### WHAT YOU HAVE TO DO:
What are the lines, word for word, from the line with "Pea Soup, Lemon" up to and including the line with "Рыбалка проходит на" in the records below? Omit the pictures.

### THE DATA:
>>>>

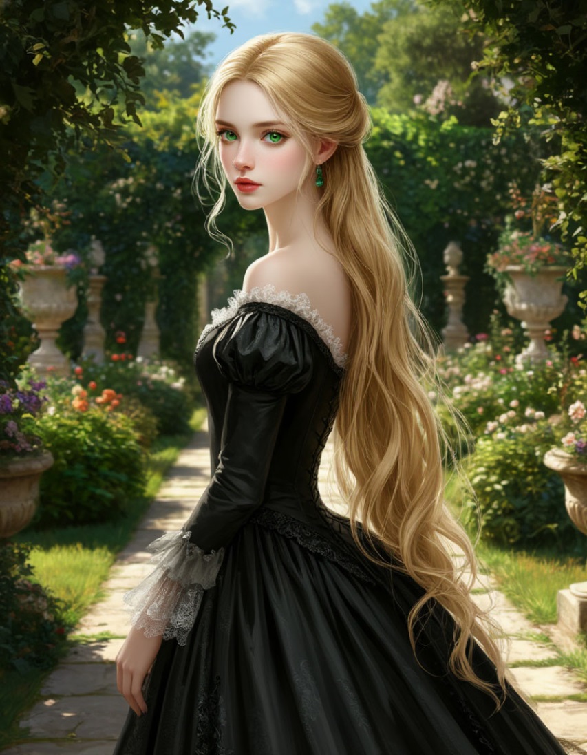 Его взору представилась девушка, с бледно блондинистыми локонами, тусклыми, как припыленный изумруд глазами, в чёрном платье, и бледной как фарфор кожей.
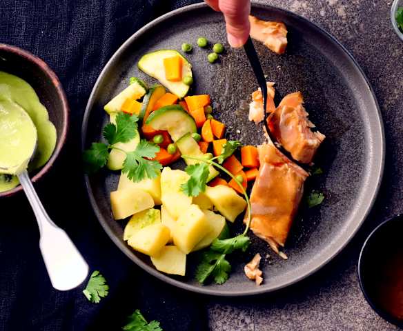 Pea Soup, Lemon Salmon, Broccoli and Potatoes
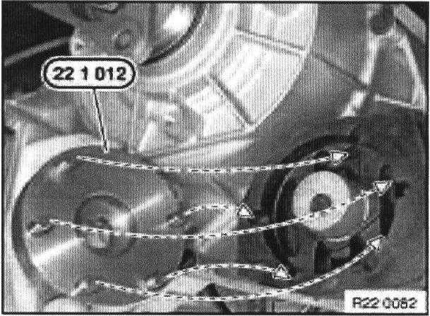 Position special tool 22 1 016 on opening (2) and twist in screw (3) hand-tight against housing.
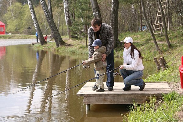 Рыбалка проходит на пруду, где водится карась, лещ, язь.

<<<<
>>>>

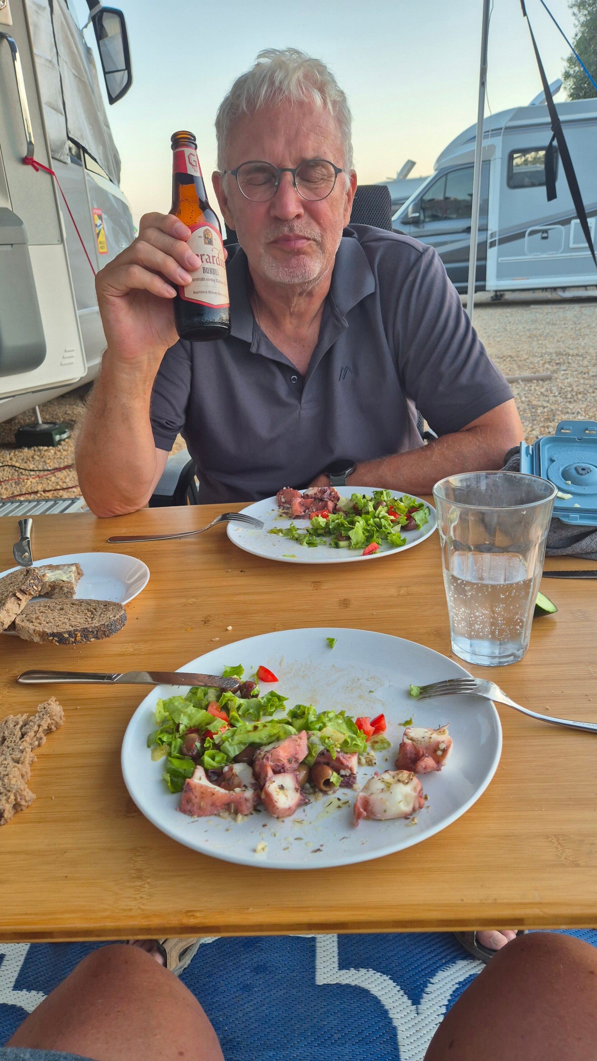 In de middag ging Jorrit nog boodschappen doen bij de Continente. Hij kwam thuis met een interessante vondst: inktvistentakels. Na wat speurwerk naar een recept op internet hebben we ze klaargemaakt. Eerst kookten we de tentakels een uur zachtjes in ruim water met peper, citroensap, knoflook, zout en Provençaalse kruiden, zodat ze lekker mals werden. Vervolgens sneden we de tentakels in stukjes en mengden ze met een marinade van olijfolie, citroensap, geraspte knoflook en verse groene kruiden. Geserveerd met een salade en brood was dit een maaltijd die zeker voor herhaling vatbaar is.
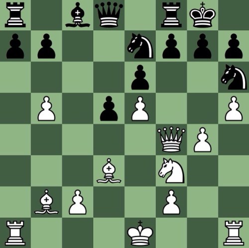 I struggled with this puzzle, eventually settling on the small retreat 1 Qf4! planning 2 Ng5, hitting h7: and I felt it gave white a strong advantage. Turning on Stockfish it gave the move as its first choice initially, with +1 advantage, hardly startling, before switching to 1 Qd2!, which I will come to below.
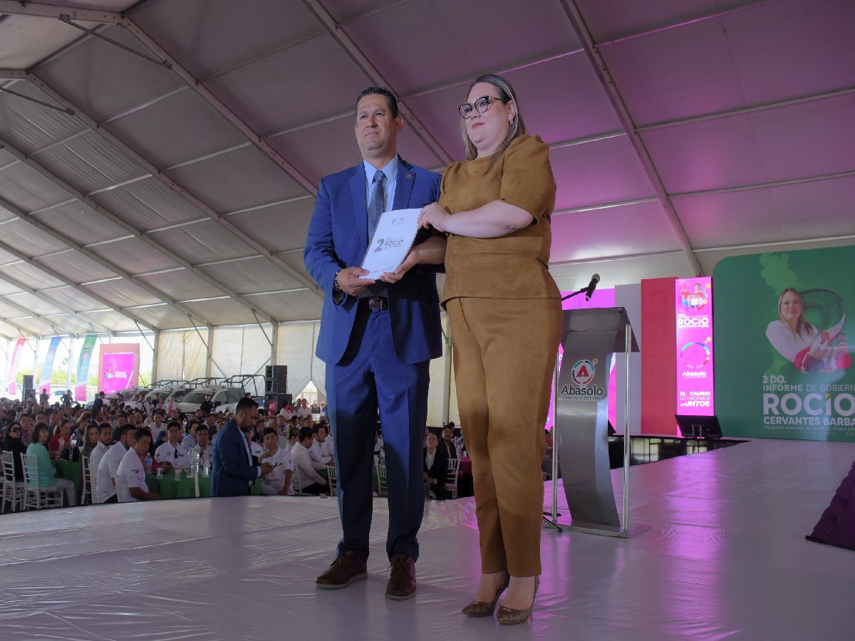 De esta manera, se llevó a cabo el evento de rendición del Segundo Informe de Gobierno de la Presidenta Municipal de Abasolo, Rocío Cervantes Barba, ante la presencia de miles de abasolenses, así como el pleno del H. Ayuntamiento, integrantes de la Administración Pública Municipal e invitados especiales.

<<<<

### ANSWER BOX:
 Pea Soup, Lemon Salmon, Broccoli and Potatoes
 Position special tool 22 1 016 on opening (2) and twist in screw (3) hand-tight against housing.
 Рыбалка проходит на пруду, где водится карась, лещ, язь.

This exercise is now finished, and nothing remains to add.